Do not add food coloring. As Julie said blend in a few other bottles or use grape skin extract.


----------



## FTC Wines (Jun 13, 2016)

I added red Food coloring once to my strawberry skeeter pee, a DISASTER! As others said use a dark red wine. On the bright side it will add a few bottles for the wedding. Roy


----------



## salcoco (Jun 13, 2016)

dried grape skins available at your local supply store will render the wine darker. do some bench trials first to reach the level you desire. grape skins will dissolve in the wine.


----------



## wineforfun (Jun 13, 2016)

I have to first ask, why change the color? If it tastes well, I would be hesitant to mess with it.
What type of wine is it? Did the kit have skins included?


----------



## heatherd (Jun 13, 2016)

Jkarowski12 said:


> hey guys, sorry to bother yall with what could be a dumb question, but i need some help! I was tasked with making 2 batches of wine for my friends wedding reception. They wanted me to make a them a sweet blush and a red wine. I made both wines using wine experts juice kits. I made the blush and it tastes great. I just did the final racking step of the red wine and it looks exactly like the blush. It taste nice and dry though. It just is not as dark as I was wanting it to be. Is there anything that I can do to darken the wine without compromising the whole batch? I've considered either blending it with a couple bottles of outside dark red wine or possibly adding some kind of coloring agent.
> Have any of yall done this before? I would just experiment and try half and half and see which one turns out best but this wine is for my friends wedding and i would not have time to do another batch if it does not turn out that good.
> Thanks for taking the time to read this and thank you for your suggestions!

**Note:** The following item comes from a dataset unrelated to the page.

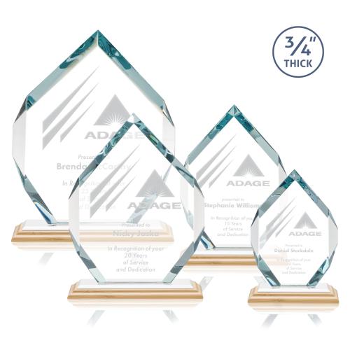 The Royal Diamond is a symmetrical six-sided Starfire award with constant-width bevels on the front top and bottom sides and on the back middle sides. The prominent, highly polished bevels accentuate the sparkle of the glass, generate diverse and attractive reflections along the edges, and frame the central etching area. Mounted on a triple-stepped bamboo base.

What kind of wine is the red? I think I would get a commercial wine of the same varietal and mix them together to see if that helps.

Another thing you can do is rehydrate dried elderberries (soak them in water) and add that to your wine. They make an inky red water. You'll be adding the flavor of the elderberries, though, which may or may not be what you want. I have had added them to wine before and liked the flavor.

I would not add food coloring.


----------



## Rocky (Jun 14, 2016)

You state that the red wine is "nice and dry though." Is it more dry than you would like it to be? *Disclaimer here:* I like to experiment so I would get a good quality pure grape juice and make a reduction (i.e. simmer out most of the water) and add this to the wine. This would certainly give you more color and it would sweeten the wine somewhat. As always, I recommend bench trials before going all out.


----------



## Noontime (Jun 14, 2016)

There are products specifically designed for this like Mega Purple and Ultra Red, but I don't know if they are available for sale to consumers or what possible negative affects they may have. Just throwing it out there. 

As Wineforfun said, you're probably better off not messing with it if it tastes good. Everyone is there for the wedding and not the wine; if it tastes good I doubt anyone is going to say "the wedding was wonderful, but the wine looked a little thin"  That being said, I do understand you wanting to provide the best wine possible.


----------



## ffemt128 (Jun 17, 2016)

Runningwolf said:


> Do not add food coloring. As Julie said blend in a few other bottles or use grape skin extract.


 

As Dan suggested, I would go with a grape skin extract, PIWINE.COM carries them.


----------



## Turock (Jun 20, 2016)

I agree with Dan,too. Grape skin extract does a great job for color and it has no flavor.


----------



## Spikedlemon (Jun 20, 2016)

Here's what I was thinking when I read food coloring in wine:

http://time.com/4373428/blue-wine/


----------